#### [YOUR ASSIGNMENT]
Retype exactly what appears below from the line containing "Armadio da Esterno" down to the line containing "Магнитный конструктор Майнкрафт", keeping both end lines. Do not include pictures.

#### [Source records]
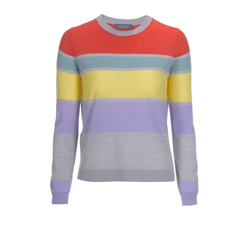 Maglia girocollo in cashmere-merinos. Motivo di righe multicolor. Spacchetti laterali. 180 euro
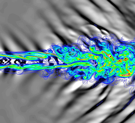 The picture shows a Direct Numerical Simulation of a Mach 1.92 jet. The jet turbulence
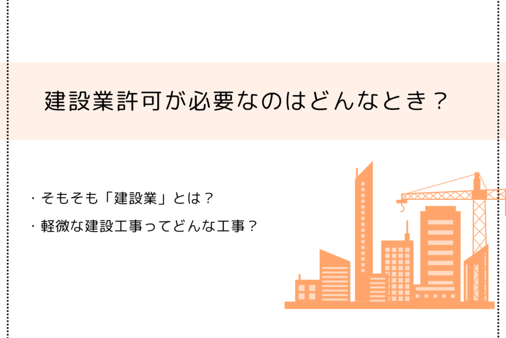 建設業を営む際に必要になる許認可が建設業許可です。 といっても、具体的にどの範囲の工事業が許可が必要となる「建設業」に該当するのかわからないという方もいるのではないでしょうか。 また、建設業法では「軽微な建設工事のみを請け負う」場合には建...
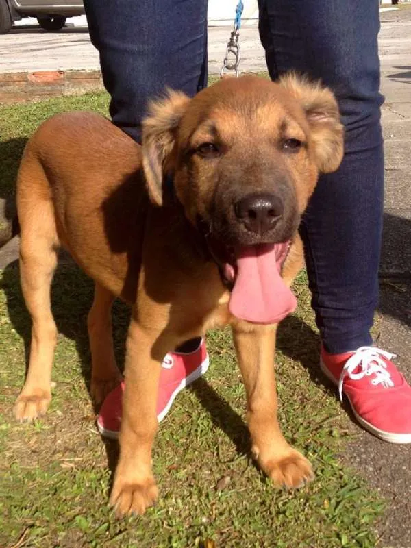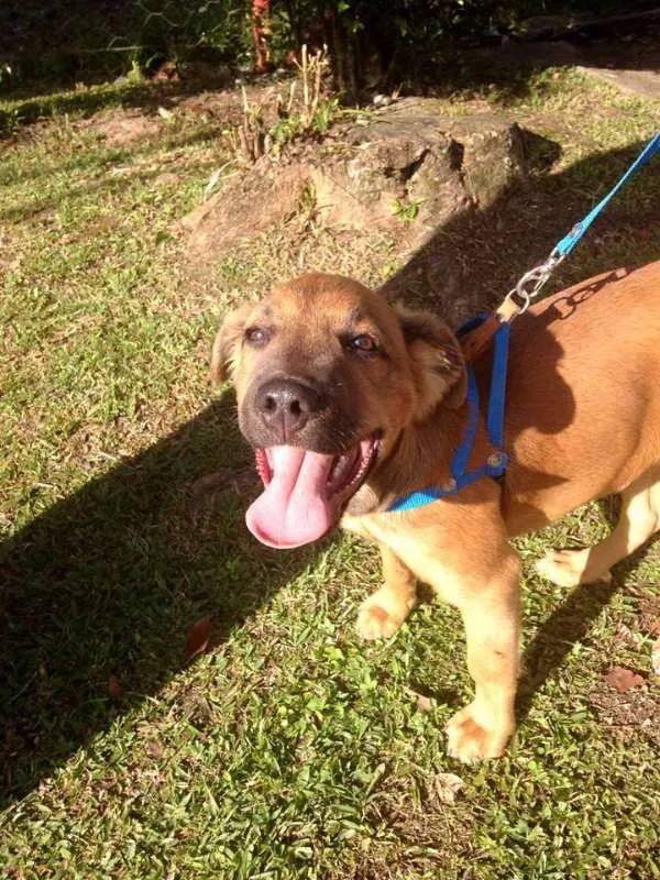 Bartô é um filhote muito ativo, machinho, 4 meses, vacinado. Adora brincar e se da bem com outros cães, adora crianças e deve ficar porte médio/grande. Só será doado com compromisso de castração paga e agendada.
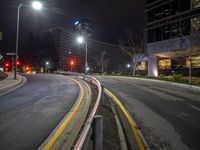 A dark urban night scene in Los Angeles. The empty road is illuminated by the city lights and street lights. The absence of traffic adds an eerie vibe to the cityscape.
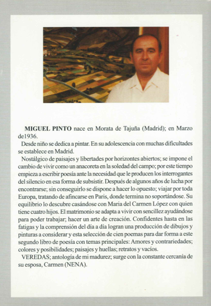 Los primeros pasos artísticos de Miguel Pinto fueron frecuentando exposiciones, tertulias y encuentros en medios culturales y artísticos. Sus amigos; José Luis Aguado y Angel Crespo son los que le empujan, aplauden para que se exprese con la poesía.
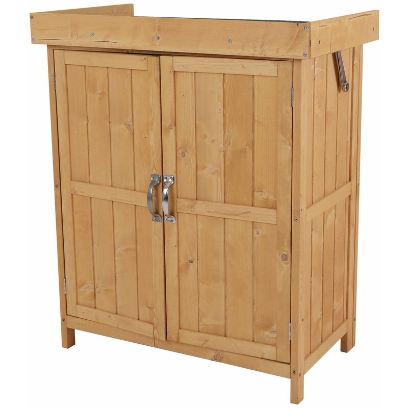 Armadio da Esterno Ripostiglio da Giardino a 2 Ripiani Porta Attrezzi in Legno 74 × 43 × 88cm - Outsunny
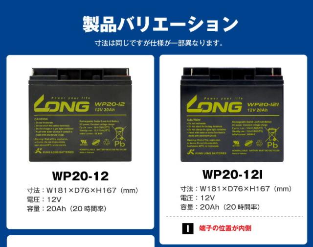 WP20-12IE(産業用鉛蓄電池)【サイクルバッテリー】PE12V17互換【新品】■■LONG【長寿命・保証書付き】UPS 電動車イス 電動バイク 電動ゴルフトロリー など対応
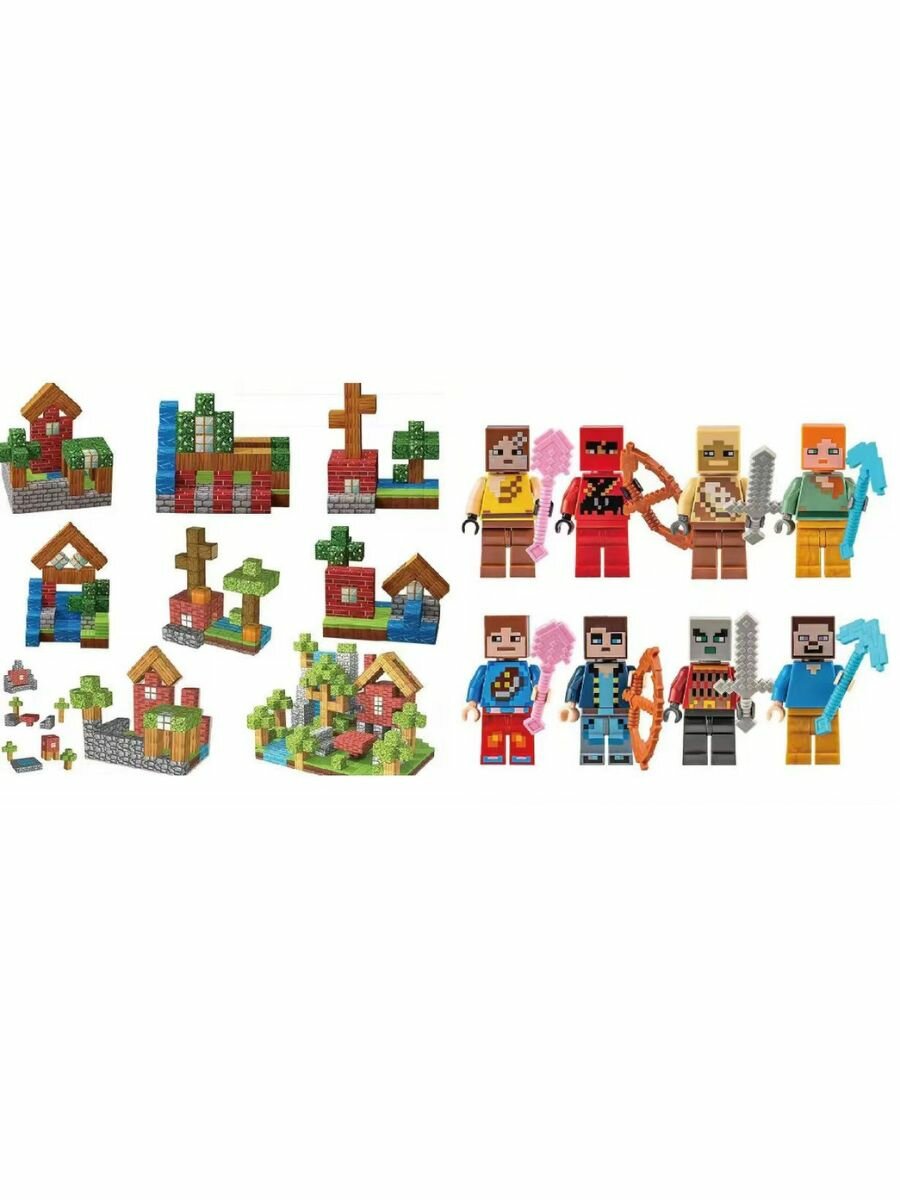 Магнитный конструктор Майнкрафт 8 блоков, 4 фигурки minecraft
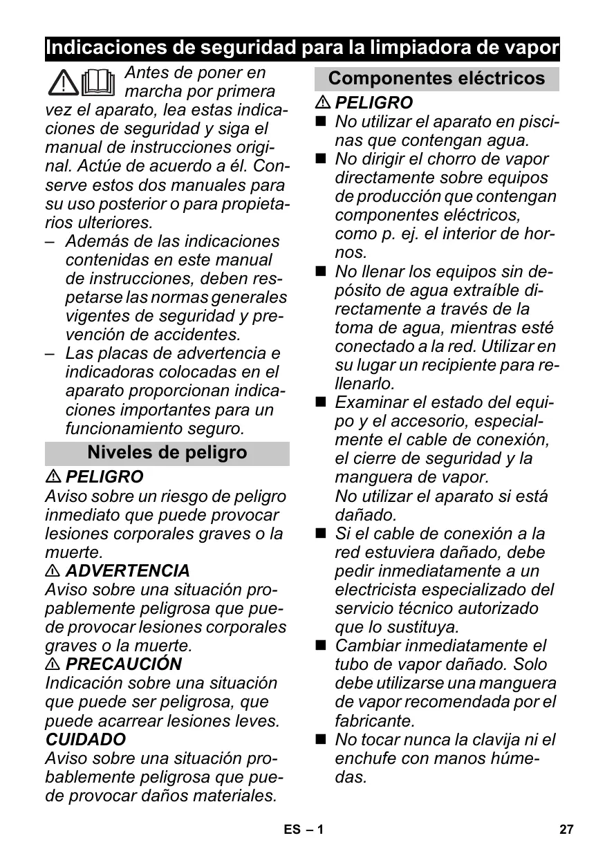 Indicaciones de seguridad para la limpiadora de vapor Antes de poner en marcha por primera vez el aparato, lea estas indicaciones de seguridad y siga el manual de instrucciones original. Actúe de acuerdo a él. Conserve estos dos manuales para su uso posterior o para propietarios ulteriores. – Además de las indicaciones contenidas en este manual de instrucciones, deben respetarse las normas generales vigentes de seguridad y prevención de accidentes. – Las placas de advertencia e indicadoras colocadas en el aparato proporcionan indicaciones importantes para un funcionamiento seguro. Niveles de peligro PELIGRO Aviso sobre un riesgo de peligro inmediato que puede provocar lesiones corporales graves o la muerte. 몇 ADVERTENCIA Aviso sobre una situación propablemente peligrosa que puede provocar lesiones corporales graves o la muerte. 몇 PRECAUCIÓN Indicación sobre una situación que puede ser peligrosa, que puede acarrear lesiones leves. CUIDADO Aviso sobre una situación probablemente peligrosa que puede provocar daños materiales. Componentes eléctricos PELIGRO No utilizar el aparato en piscinas que contengan agua. No dirigir el chorro de vapor directamente sobre equipos de producción que contengan componentes eléctricos, como p. ej. el interior de hornos. No llenar los equipos sin depósito de agua extraíble directamente a través de la toma de agua, mientras esté conectado a la red. Utilizar en su lugar un recipiente para rellenarlo. Examinar el estado del equipo y el accesorio, especialmente el cable de conexión, el cierre de seguridad y la manguera de vapor. No utilizar el aparato si está dañado. Si el cable de conexión a la red estuviera dañado, debe pedir inmediatamente a un electricista especializado del servicio técnico autorizado que lo sustituya. Cambiar inmediatamente el tubo de vapor dañado. Solo debe utilizarse una manguera de vapor recomendada por el fabricante. No tocar nunca la clavija ni el enchufe con manos húmedas. ES – 1
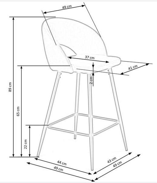 Вес, кг: 5,5 / Высота (см): 89 / Высота сидения (см): 65 / Гарантия, мес.: 12 / Глубина (см): 49 / Глубина сиденья (см): 37 / Количество коробок: 1 / Материал каркаса: металл / Материал сидения: вельвет / Необходимость сборки: да / Размер упаковки 1: 0,56/0,51/0,50 / Страна производитель: Китай / Цвет: черный / Ширина (см): 48
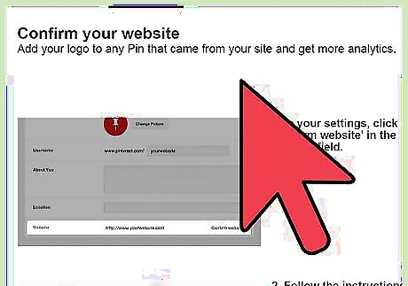 Verify your website with Pinterest. There are many spammers that can copy your business, your pins, your products, and your website. Customers will not realize that is a scam and will spend their money on a fraudulent website. Go to your Pinterest settings and click "confirm website." A verified website will have a check mark in the right corner. A verified website also shows your customers that you are a trustworthy, legit business.
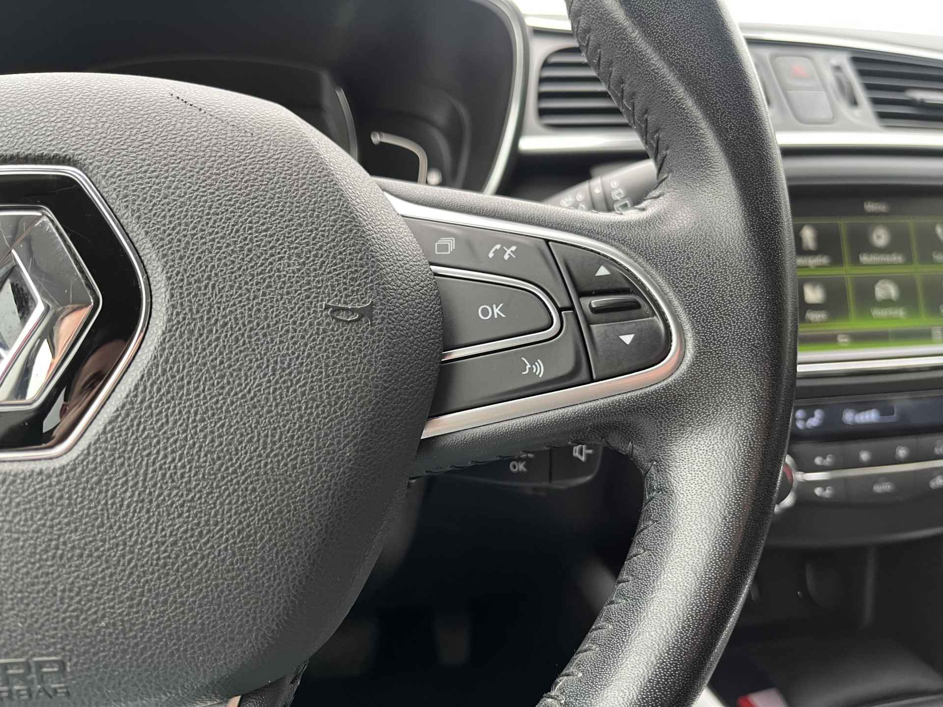 Met de achteruitrijcamera ziet u wat er achter de auto gebeurt. Zo rijdt u moeiteloos achteruit. Spraaksturing maakt het eenvoudiger en veiliger om deze auto onderweg te bedienen. Je weet altijd waar je moet zijn, dankzij het full map navigatiesysteem. Het comfort wordt verhoogd door de aanwezige automatische airconditioning. Voor storingvrije digitale radio-ontvangst zorgt de DAB-ontvanger. Met regensensor, cruise control, keyless entry, lederen stuur en lederen versnellingspook is deze Renault helemaal compleet.
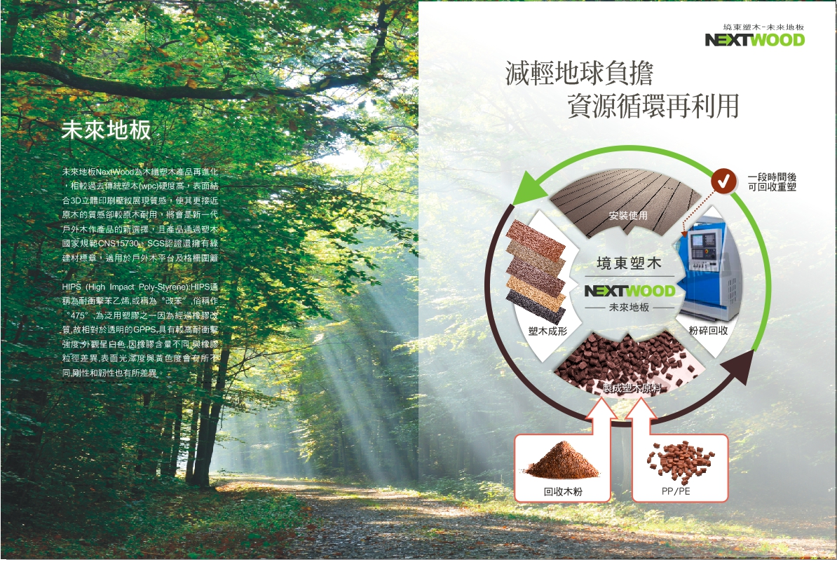 Less maintenance and non-toxic green building materials invented with mixture of recycled PE and wood fiber passed FSC certification, in replacement of traditional woodwork, and friendly to the forest.
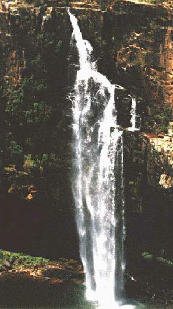 Berlin Falls near Graskop and Pilgrim's Rest in the Eastern Transvaal, South Africa, shot with 200 ASA, 80-200 mm @ about 100mm/f8. Don't let the picture size decieve you, this falls is about 300 feet high. In the upper left corner, there is a little blue dot, there are a couple of people there.
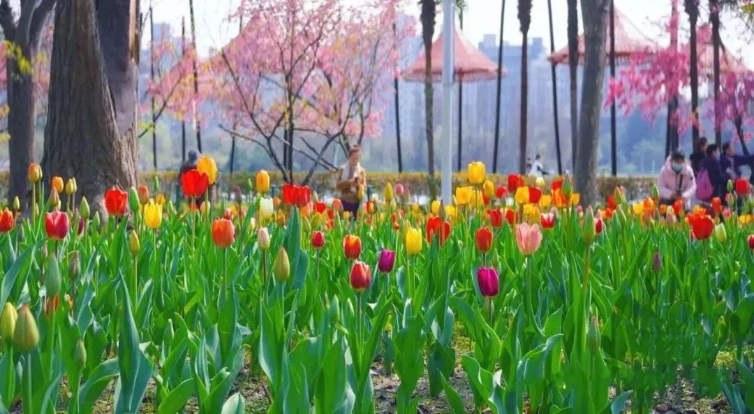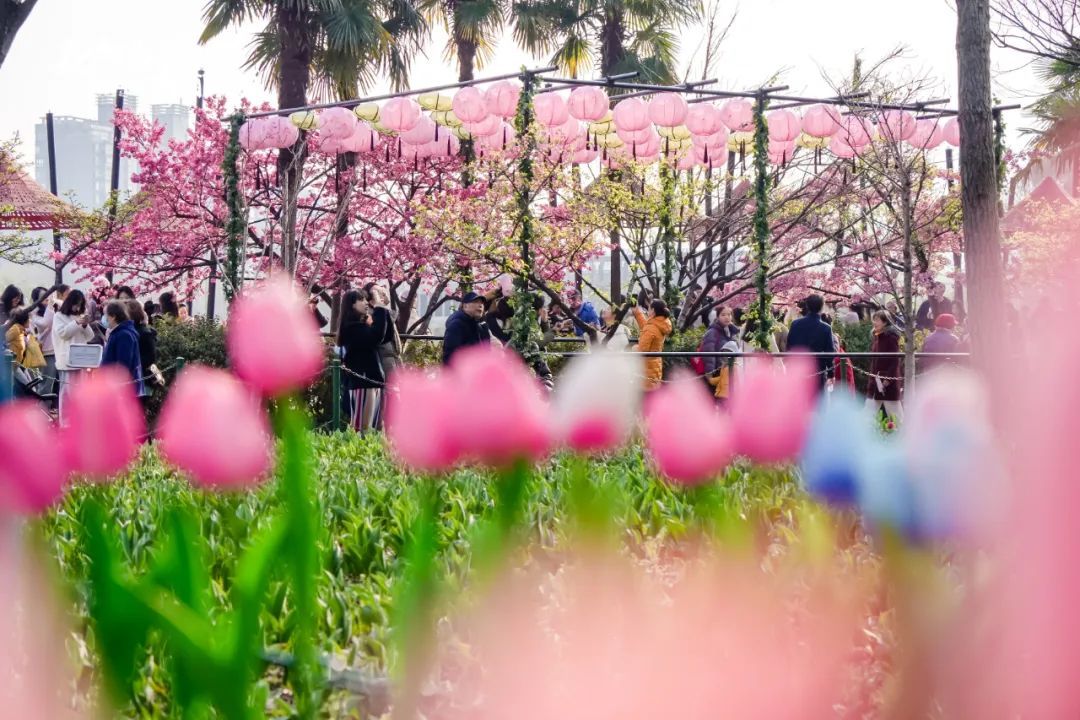 眼下,正值大宁公园樱花、海棠、白玉兰等春季花卉的盛花期,约1.2万平方米的百万株郁金香也已芬芳成海。
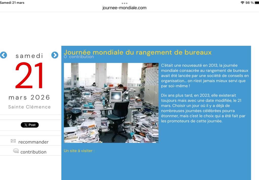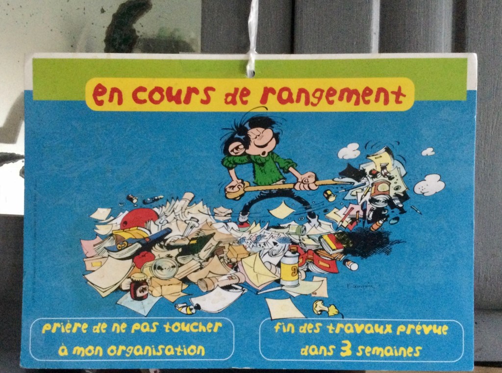 Cette pancarte achetée en Belgique lors d’un voyage pour des recherches généalogiques avec quelques collègues du CL il y a plus de 35 ans je crois… est toujours en ma possession et d’actualité… malheureusement… car oui, j’ai du mal à ranger mon bureau-atelier ! Alors je me déplace sur la table de la salle à manger qui elle aussi, se laisse envahir. Il me faut donc un week-end et parfois plus pour ranger, classer, archiver, jeter.
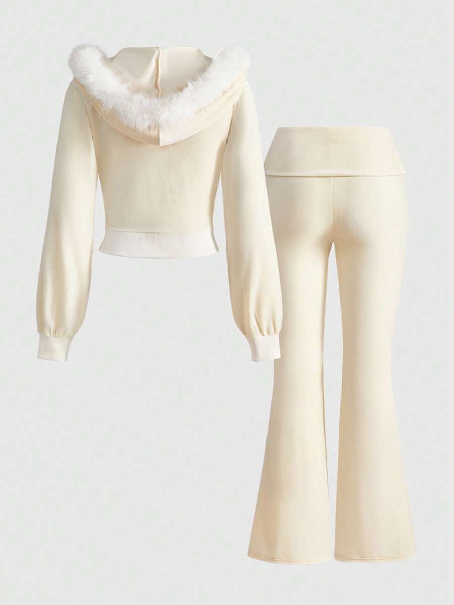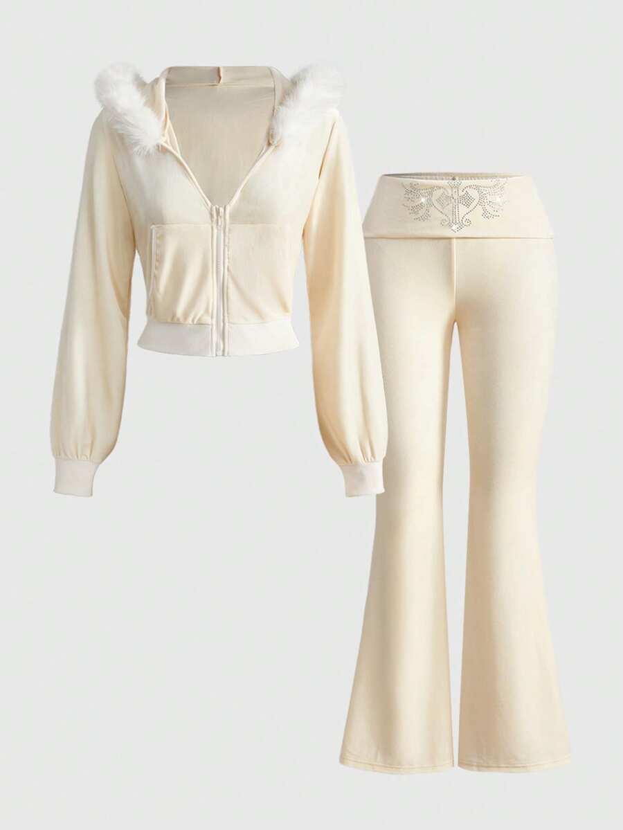 Grunge Punk Ensemble 2 pièces composé d'un sweat-shirt à capuche court en velours et d'un pantalon évasé taille basse pour femmes, style Y2K

#### [ANSWER FOR THIS EXERCISE]
 Armadio da Esterno Ripostiglio da Giardino a 2 Ripiani Porta Attrezzi in Legno 74 × 43 × 88cm - Outsunny
 WP20-12IE(産業用鉛蓄電池)【サイクルバッテリー】PE12V17互換【新品】■■LONG【長寿命・保証書付き】UPS 電動車イス 電動バイク 電動ゴルフトロリー など対応
 Магнитный конструктор Майнкрафт 8 блоков, 4 фигурки minecraft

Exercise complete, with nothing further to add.